Z drugiej strony jakaś grupa Polaków najpewniej straci na Polskim Ładzie, czy to nie zrozumiałe, że opozycja, głównie KO, próbuje reprezentować ich obawy?
– To jest świetny pomysł na partię z poparciem 10 proc. Pójście ścieżką Unii Demokratycznej. Może da się i dojść tą drogą do 25 proc. poparcia. Pytanie tylko, kto będzie chciał wejść w koalicję i rządzić z partią, która na sztandarach ma obronę zamożniejszych. Ludzie, o których pan mówi, nie potrzebują, żeby ktoś wykrzyczał ich problemy. Oni nie są zdesperowani, wystarczy przejść się po zamożnych przedmieściach dużych miast, by to zobaczyć. Tacy wyborcy szukają raczej kogoś, kto pokona PiS, a nie będzie tylko powtarzał, że PiS jest zły – to sobie sami mogą na fejsie napisać.

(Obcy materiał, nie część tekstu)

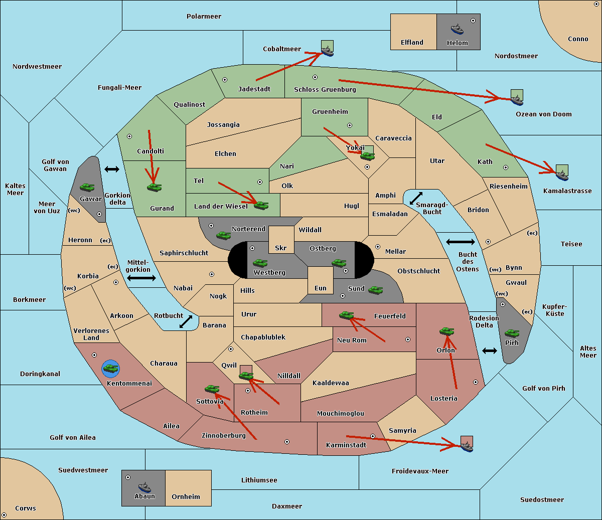 The fleet at Schloss Gruenburg move to Ozean von Doom.

W ogóle uważam, że projekt Polskiego Ładu powinien być ostatecznym sygnałem alarmowym dla zamożniejszej części społeczeństwa, że musi ona sobie inaczej ułożyć relacje z większością. Bo to, co było, nie wróci. Hasła o „roszczeniowości” nie działają. Układ sił jest inny. W 2007 roku w miastach na prawach powiatu głosowało 2 miliony osób więcej niż w małych gminach. W zeszłorocznych wyborach prezydenckich, w mniejszych gminach oddano więcej głosów niż w miastach na prawach powiatu. Oczywiście, w części odpowiada za to fakt, że ludzie głosowali na wakacjach, ale w każdych wyborach widać głębokie zmiany uczestnictwa w życiu politycznym.

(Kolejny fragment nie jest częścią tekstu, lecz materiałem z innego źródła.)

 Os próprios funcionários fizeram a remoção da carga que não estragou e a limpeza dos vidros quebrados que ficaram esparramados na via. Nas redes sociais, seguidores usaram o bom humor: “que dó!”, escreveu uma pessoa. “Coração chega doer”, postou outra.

PiS wygrał w 2020 tylko dlatego, że przekonał do siebie tę uboższą część Polski, która wcześniej się od nich trzymała z daleka. Np. gminy wiejskie Pomorza Zachodniego. Tam poparcie wzrosło znacznie, bo nagle się okazało, że to jest rywalizacja my kontra „warszawiacy”. My kontra ci, którzy na nas patrzą z góry, uważają nas za gorszych.
Nie wiem, czy pan pamięta świetny tekst Grzegorza Wysockiego z „Gazety Wyborczej” o jego głosującej na PiS rodzinie z Kaszub. Tam jeden wuj mówi w pewnym momencie „wiesz Grzesiu, gdyby nie PiS to ty byś do nas nawet nie przyjechał” – to najlepiej oddaje co się działo w ostatnich wyborach.
Podobnie może zadziałać podział jaki narzuca PiS: 90 proc. „zwykłych Polaków” kontra 10 proc. najbogatszych?
– To, że bogatsi często płacą w Polsce niższe podatki niż biedniejsi, degresja podatkowa, jest realnym problemem. Stare odruchy w reakcji na propozycje rozwiązania tego problemu mogą działać na korzyść PiS. Z drugiej strony nie wykluczam, że zmiany w podatkach i tak zarysowany konflikt z opozycją to może być zbyt mało, by dać PiS trzecie zwycięstwo. Nikomu raczej nie przeszkadzało, że rządy Tuska budowały autostrady. Wszyscy byli z tego wręcz zadowoleni. Autostrady nie wystarczyły jednak do kolejnego zwycięstwa.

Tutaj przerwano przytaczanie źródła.